Las visitas de Damien Jurado comienzan a adquirir rango de acontecimiento. La de anoche constituía, desde luego, una de las escalas más esperadas en estos Conciertos Sublimes del Teatro Lara, un ciclo de actuaciones bautizado con saludable e inequívoca ironía pop. Aunque siempre quedará la posibilidad de que para la próxima temporada los denominen Conciertos Insomnes, si tenemos en cuenta que apenas faltaba un cuarto de hora para la medianoche cuando el señor Jurado tuvo a bien rasguear el primero de sus acordes.
El trovador anda por los 38 años y barrunta la crisis de la mediana edad
El tiempo, esa fruslería. Con Damien Jurado conviene olvidarse de las premuras, los trajines y el fragor que produce la batalla cotidiana. Mejor entornar los ojos (como hace él) y dejarse llevar por un cancionero que, sin ser pegadizo, termina enamorando a golpe de sinceridad y desolación. Jurado no sabe de estribillos, pero sí de emociones. Y parece siempre inmerso en un viaje por caminos polvorientos e improbables en los que encontrar un destino específico adquiere la condición de entelequia.
El año pasado andaba arrastrando los estragos del desamor, y se revolvió frente a tanta amargura con un trabajo descarnado pero extrañamente animoso, Caught in the trees.
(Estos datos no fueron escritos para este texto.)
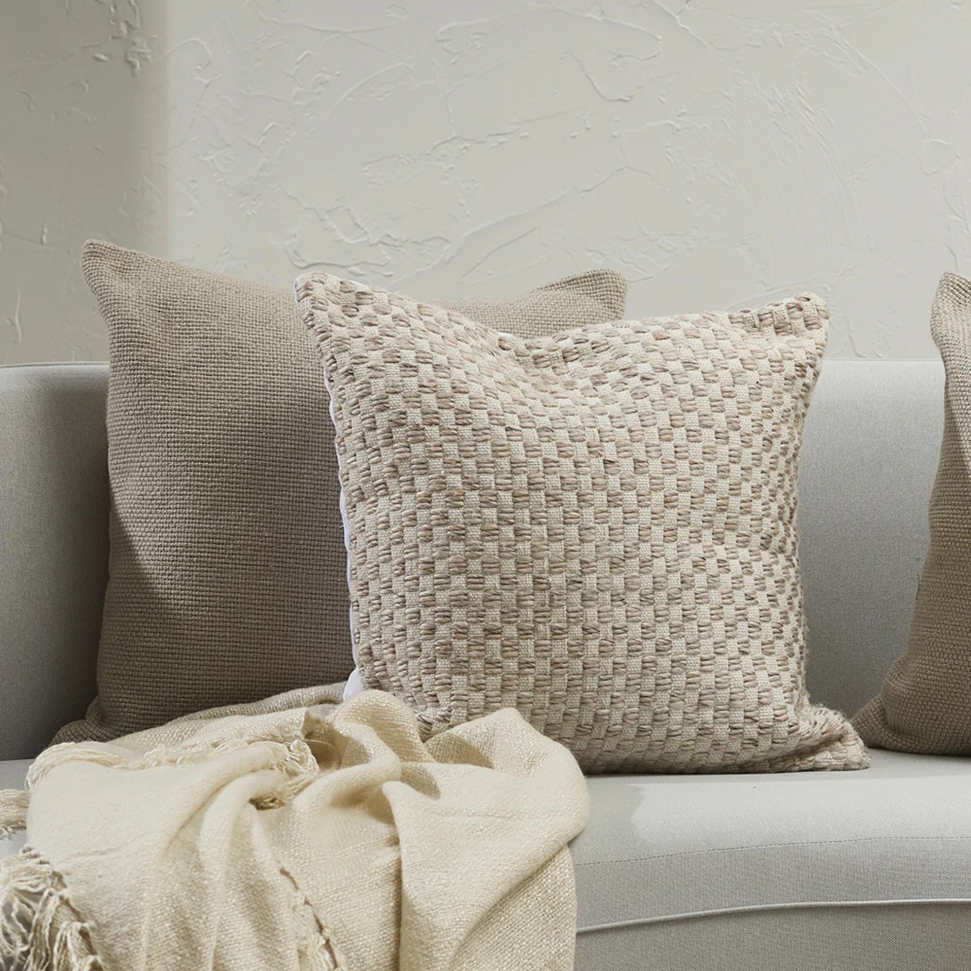 A textural, checkerboard outdoor cushion design in neutral tones, that coordinates beautifully with Southwold Ecru and Easton Black.

Para esta temporada nuestro prolífico cantautor regresa a los cuarteles de invierno con un álbum, el noveno, que quintaesencia la fragilidad, el frío aliento de un lobo solitario y el minimalismo de quien siempre prefirió el blanco y negro al despilfarro cromático. Lleva por título Saint barlett y anoche, mientras lo desgranaba, la imaginación nos acercó hasta aquel Neil Young que a principios de los 70, sin más armas que media docena de cuerdas y un puñado de versos emocionantísimos, pulía el cancionero que acabaría convirtiéndose en After the gold rush.
Damien habla poco, pero no renuncia a la ironía. Presentó Arkansas como "la única pieza animada que escucharán esta noche, aunque, la verdad, la letra es muy poco feliz". Con anterioridad ya le había dedicado un tema a Delta Airlines por los malos tratos que inflige a su guitarra durante los desplazamientos. Se le escapan unas lágrimas hablando de su hijo, de diez años, mientras presenta I'm still here.
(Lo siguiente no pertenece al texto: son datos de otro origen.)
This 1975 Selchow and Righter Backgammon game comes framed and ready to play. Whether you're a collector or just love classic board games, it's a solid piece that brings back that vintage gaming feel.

Antes de todo esto había abierto boca Dani, la cuarta parte de Le Traste, una banda torturada hasta en la expresión corporal: el cantante coloca el micrófono muy bajo y se obliga a actuar encorvado, como si estuviera en un permanente escorzo dolorido. Canta en inglés (que es, para qué insistir, un vicio muy extendido) y mastica las sílabas, las estira y vocea con un pathos no muy alejado del de Eddie Vedder. Lo cual no está nada mal, claro, y le concede un encanto indudable a piezas originales como Until life goes on.